Supplied data Block Start

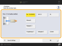 2 | Select the type of envelopes. ![]() To register a custom size envelope, press <Custom> <Next> and press <X> or <Y> to specify the side, then use the numeric keys to enter the length of the specified side.Press <OK> and proceed to step 5. |
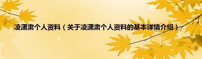本文关于凌潇肃个人资料的基本详情介绍就讲解完毕,希望对大家有所帮助。
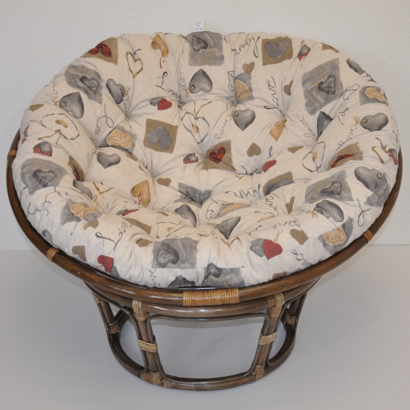 Ratanový papasan 110 cm hnědý polstr motiv srdce LOVE
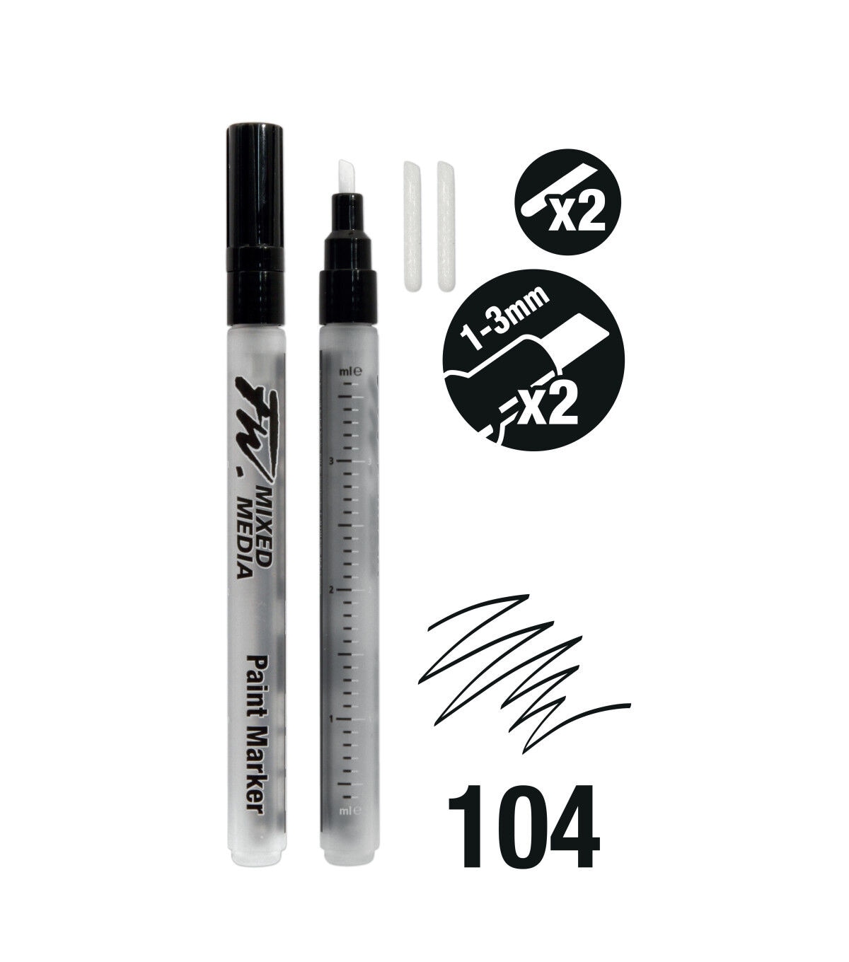 FW Empty Paint Markers allow inks and other liquid media to be applied with precision across a variety of surfaces. Choose your medium, fill up and get creating! Ideal for use with FW Acrylic Ink, these empty markers can create unlimited individual colors through mixing and dilution and can also be filled with other mediums such as watercolor and calligraphy inks. Rinse out your color and wash them for re-use; you can also mix colors with precision as there are volume measurements on each marker.
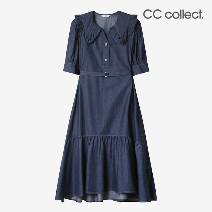 [CC콜렉트] 프릴 와이드 칼라 데님 드레스 DB_E252PSE162
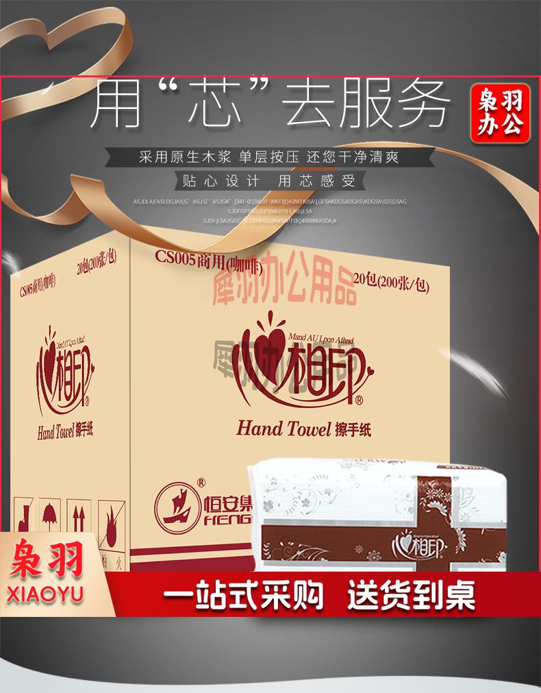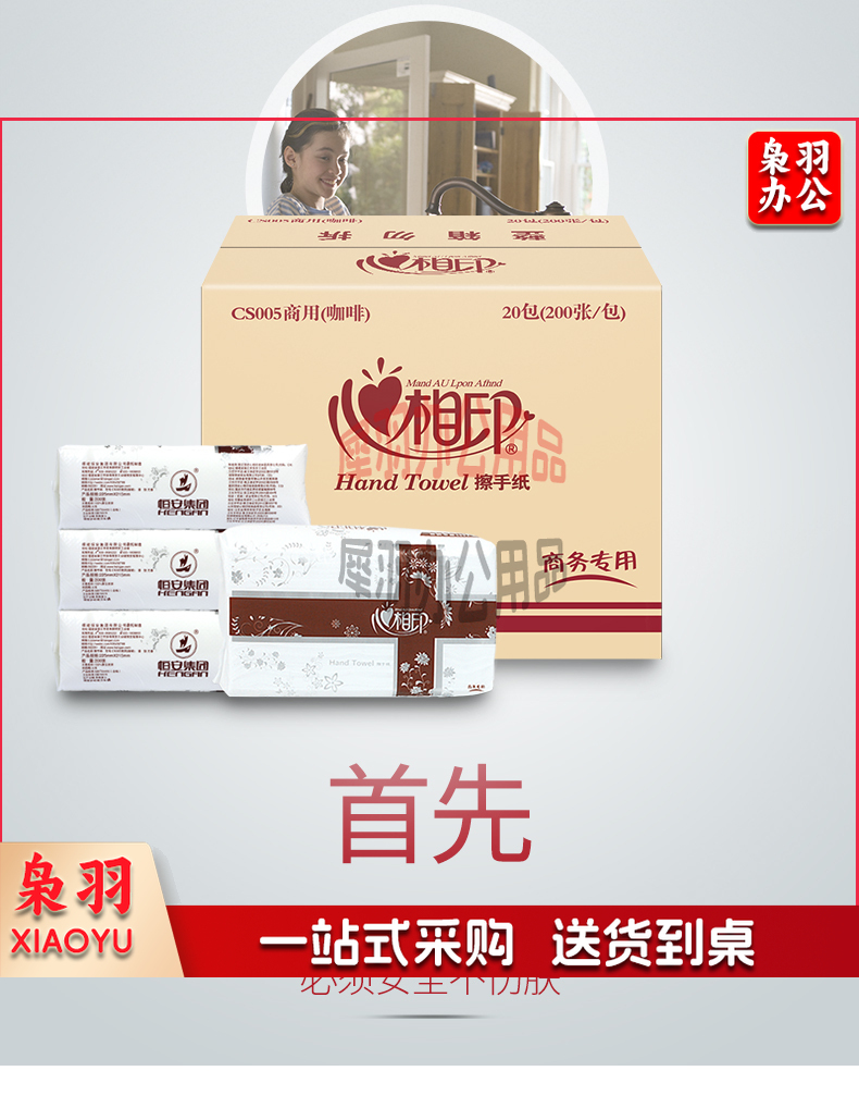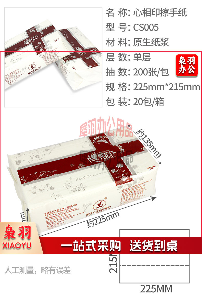 心相印擦手纸抽取式纸巾200抽酒店商用抹手纸干手纸抹手纸CS005 20包/箱
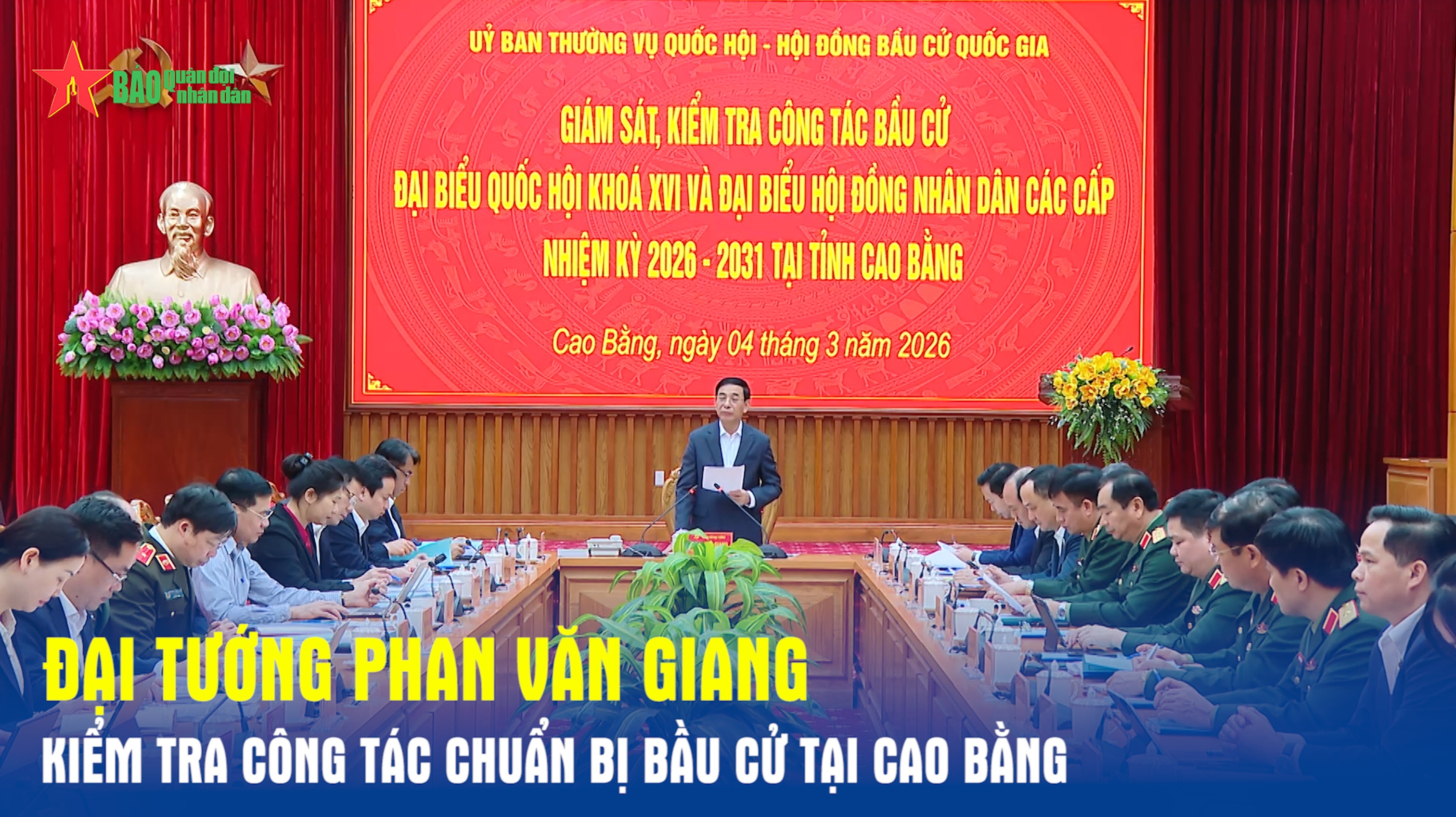 Sáng 4-3, Đoàn giám sát, kiểm tra của Ủy ban Thường vụ Quốc hội và Hội đồng Bầu cử quốc gia về công tác bầu cử đại biểu Quốc hội khóa XVI và đại biểu HĐND các cấp nhiệm kỳ 2026-2031 do Đại tướng Phan Văn Giang, Ủy viên Bộ Chính trị, Phó bí thư Quân ủy Trung ương, Bộ trưởng Bộ Quốc phòng, Ủy viên Hội đồng Bầu cử quốc gia làm trưởng đoàn đã tiến hành giám sát, kiểm tra tại Cao Bằng.
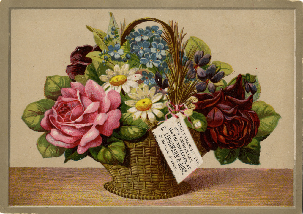 Favorite this☆ Advertising card for C. Lingemann & Sons Description: View of an advertising card for C. Lingemann & Sons, depicting a basket of flowers. Printed on front: "Fine parasols and sun umbrellas, all the novelties, at C. Lingemann & Sons, 26 Monroe Avenue, Detroit, Mich." Details Resource ID: bh015023 Subject: Umbrella industry--Michigan--Detroit Flowers in art Baskets in art Advertising cards Date Issued: Unknown year Format: 1 advertising card : col. ; 4.75 x 6.75 in. Member of: Burton Historical Collection Filing Location: E&M 977.4D4 381 L Rights: Physical rights are retained by DPL. Copyright is retained in accordance with U.S. copyright laws.
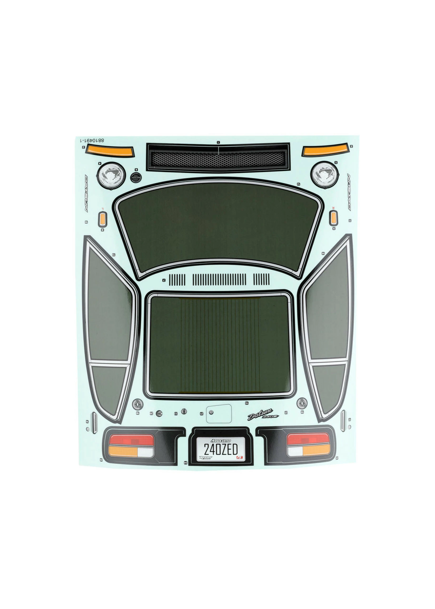 This is a replacement intended for the Team Associated Apex2. Package includes one clear Datsun 240Z body, two decal sheets, plastic body accessories and window masks.
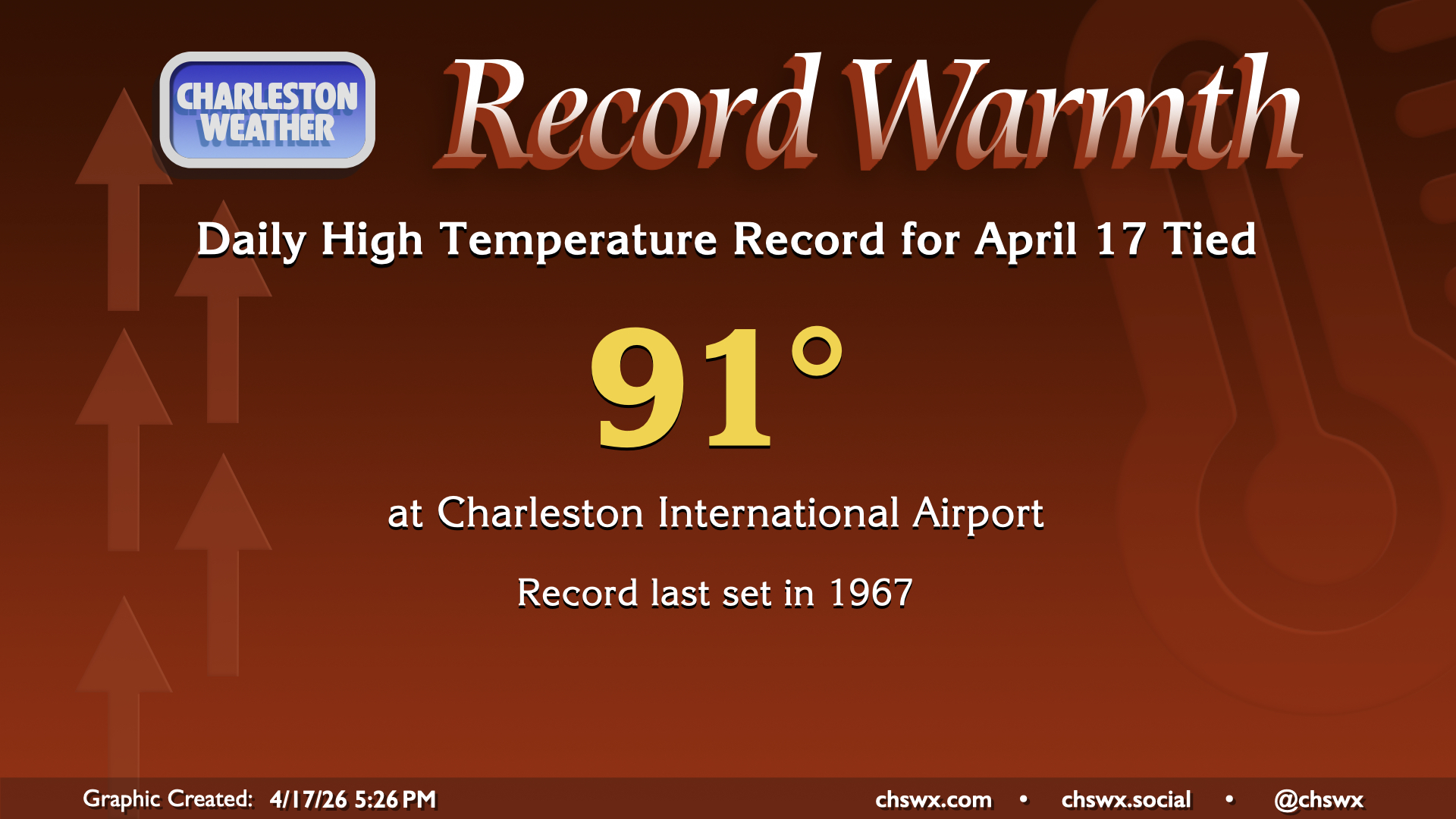 The high temperature at the airport reached 91° today, tying the daily high temperature record set in 1967. Downtown topped out at 85°, missing the record high there by one degree.
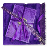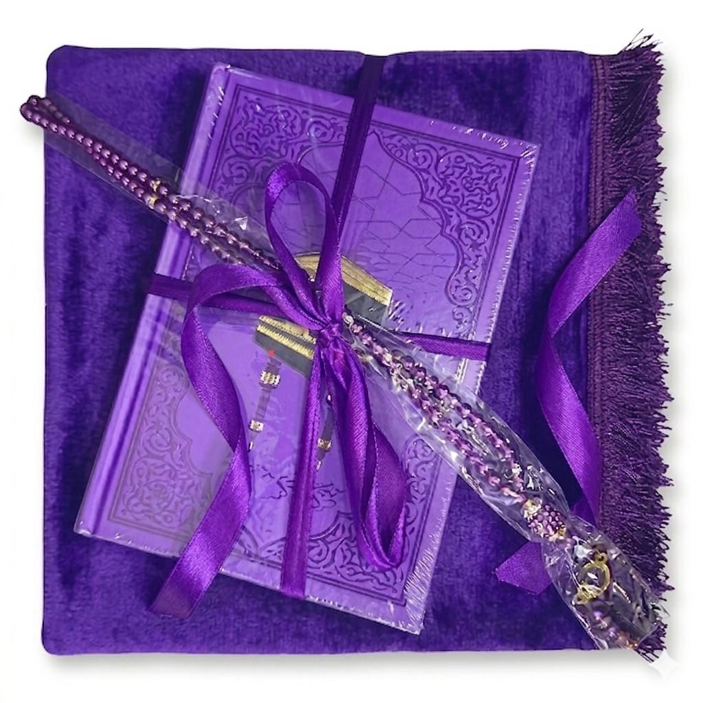 طقم هدية دينية فاخر باللون البنفسجي – مصحف، سجادة مخملية، ومسبحة لؤلؤية
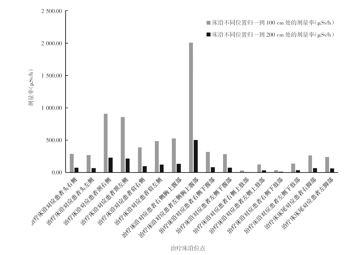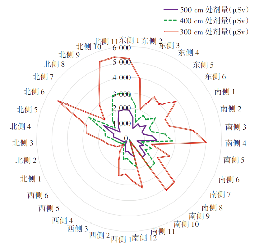 | 测量点位置 (与靶点相对位置) | 与照射野中心 距离(cm) | 布点处实测累积 剂量(μSv) | 归一到不同距离处的累积剂量(μSv) | 归一到不同距离的剂量率(μSv/h) | ||||||
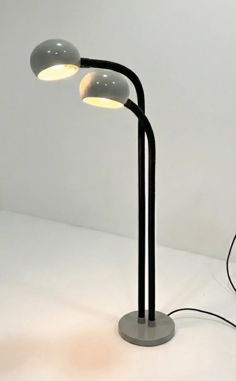 Pre-owned & Refurbished OSLO - 1970s Grey and Black Flexible Twin Head Floor Lamp | Collecte
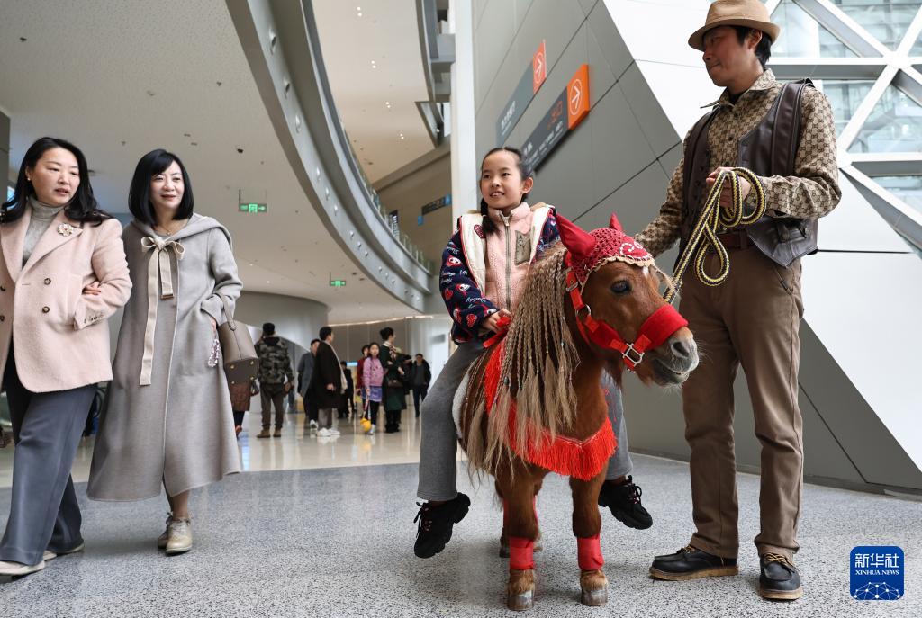 2月10日,一個小朋友在展覽現(xiàn)場體驗騎乘設(shè)特蘭矮馬。
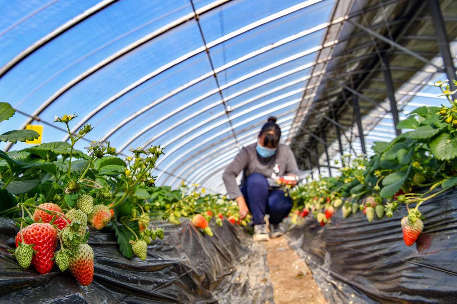 2021年2月2日,石家庄市栾城区神农福地种植专业合作社的农户正在采摘草莓。李明发 摄
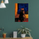 This poster features a gorgeous golden, orange and brown tortoiseshell cat sitting on a red pillow, staring out the window into a midnight blue sky. She casts a shadow on the gold coloured wooden windowsill. I have digitally enhanced my original photograph to achieve a painterly effect.

Supplied data Block End

Going by the entries above, repeat exactly the lines that start at the line with "2月10日,一個小朋友在展覽現(xiàn)場體驗騎乘設(shè)特蘭矮馬。" and go on through the line with "2021年2月2日,石家庄市". Pictures are not part of the copy.

■ Exercise response ■
 2月10日,一個小朋友在展覽現(xiàn)場體驗騎乘設(shè)特蘭矮馬。
 2021年2月2日,石家庄市栾城区神农福地种植专业合作社的农户正在采摘草莓。李明发 摄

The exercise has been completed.